Chang Ya-Jen, Holtzman Michael J, Chen Ching-Chow
Department of Pharmacology, College of Medicine, National Taiwan University, Taipei, Taiwan.
Mol Pharmacol. 2004 Mar;65(3):589-98. doi: 10.1124/mol.65.3.589.

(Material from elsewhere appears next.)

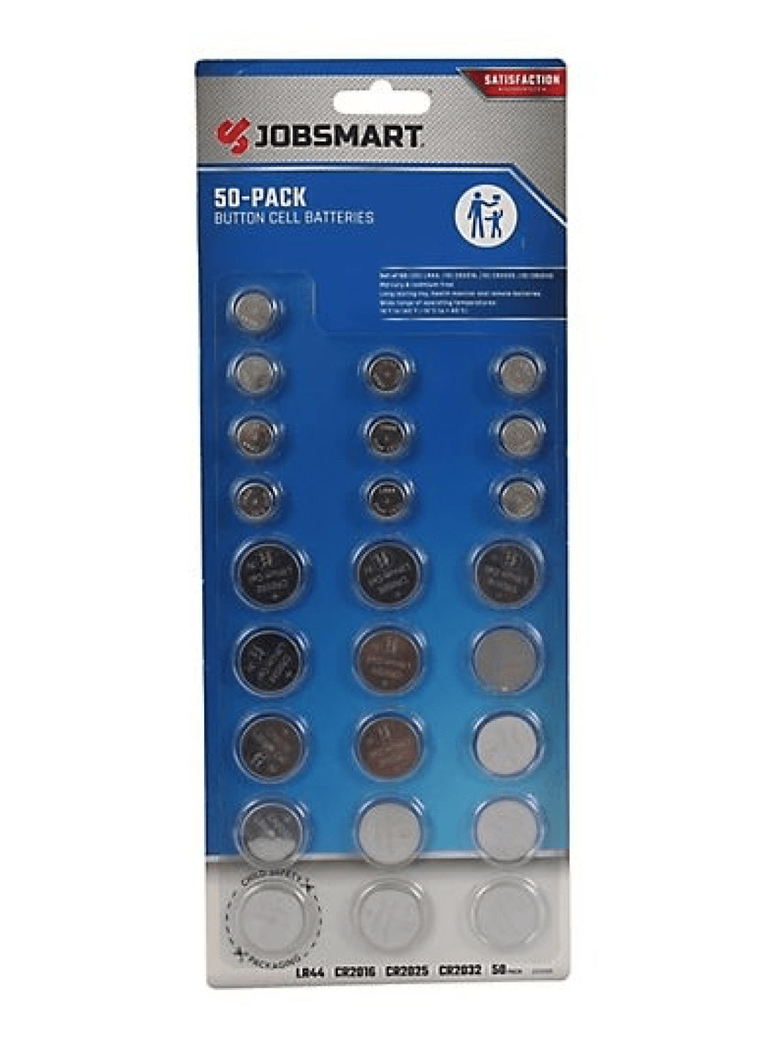 - JobSmart BC50 Assorted Button Cell Batteries LR44, CR2016, CR2025, CR2032, 50-Pc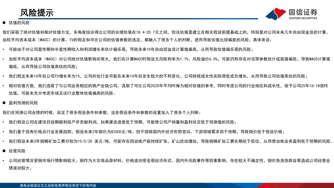 铜价、铜精矿加工费(TC/RC)、硫酸价格波动风险。

The signaling pathway for IFN-gamma-mediated induction of ICAM-1 expression was further studied in human NCI-H292 epithelial cells. The Tyr701 phosphorylation of signal transducer and activator of transcription 1 (STAT1) induced by interferon-gamma (IFN-gamma) and 12-O-tetradecanoylphorbol 13-acetate (TPA) was inhibited by the protein kinase C (PKC) inhibitor staurosporine, the tyrosine kinase inhibitor herbimycin, or the Src kinase inhibitor PP2. An association between c-Src and STAT1 was increased by IFN-gamma and TPA, indicating the direct phosphorylation of STAT1 by PKC-dependent c-Src activation. Tyrosine phosphorylation of Janus kinases (JAK) 1/2 was induced by IFN-gamma but not by TPA. In addition, ICAM-1 promoter activity induced by IFN-gamma, but not that induced by TPA, was inhibited by the dominant-negative JAK1 and JAK2 mutants. IFN-gamma-induced tyrosine phosphorylation of phospholipase C (PLC)-gamma was inhibited by AG 490 (a JAK inhibitor), and the association between JAK1/2 and PLC-gamma was increased after IFN-gamma treatment, indicating the activation of PLC-gamma via JAK1/2 phosphorylation. ICAM-1 promoter activities induced by the overexpression of wild-type JAK1- and PLC-gamma2 were blocked by the PLCgamma2 mutant or the dominant-negative PKCalpha (Lys-->Arg), c-Src (Lys-->Met), or STAT1 (Y701M) mutants, but not by dominant-negative STAT3 (DN) mutants. These results confirmed that IFN-gamma activated PLC-gamma via JAK1/2 phosphorylation to induce PKC, c-Src, STAT1 activation, and ICAM-1 expression. The association between JAK1/2 and STAT1 was increased by IFN-gamma but not by TPA. It was inhibited by AG 490 but not by U73122, indicating the possible involvement of the JAK1/2-STAT1 pathway. All the results show that IFN-gamma induces ICAM-1 expression by two different pathways in NCI-H292 epithelial cells. One is the JAK1/2-dependent PLC-gamma pathway inducing the activations of PKCalpha, c-Src, and STAT1, and the other is the direct activation of STAT1 by JAK1/2.
在人NCI-H292上皮细胞中进一步研究了IFN-γ介导的ICAM-1表达诱导的信号通路。蛋白激酶C(PKC)抑制剂星形孢菌素、酪氨酸激酶抑制剂赫曲霉素或Src激酶抑制剂PP2可抑制干扰素-γ(IFN-γ)和12-O-十四酰佛波醇-13-乙酸酯(TPA)诱导的信号转导和转录激活因子1(STAT1)的Tyr701磷酸化。IFN-γ和TPA可增强c-Src与STAT1之间的关联,表明PKC依赖性c-Src激活可直接使STAT1磷酸化。IFN-γ可诱导Janus激酶(JAK)1/2的酪氨酸磷酸化,但TPA不能。此外,显性负性JAK1和JAK2突变体可抑制IFN-γ诱导的ICAM-1启动子活性,但不能抑制TPA诱导的活性。AG 490(一种JAK抑制剂)可抑制IFN-γ诱导的磷脂酶C(PLC)-γ的酪氨酸磷酸化,IFN-γ处理后JAK1/2与PLC-γ之间的关联增强,表明通过JAK1/2磷酸化激活PLC-γ。野生型JAK1和PLC-γ2过表达诱导的ICAM-1启动子活性被PLCγ2突变体或显性负性PKCalpha(Lys→Arg)、c-Src(Lys→Met)或STAT1(Y701M)突变体阻断,但不被显性负性STAT3(DN)突变体阻断。这些结果证实,IFN-γ通过JAK1/2磷酸化激活PLC-γ,从而诱导PKC、c-Src、STAT1激活和ICAM-1表达。IFN-γ可增强JAK1/2与STAT1之间的关联,但TPA不能。AG 490可抑制这种关联,但U73122不能,表明JAK1/2-STAT1途径可能参与其中。所有结果表明,IFN-γ在NCI-H292上皮细胞中通过两种不同途径诱导ICAM-1表达。一种是JAK1/2依赖性PLC-γ途径,诱导PKCalpha、c-Src和STAT1激活,另一种是JAK1/2直接激活STAT1。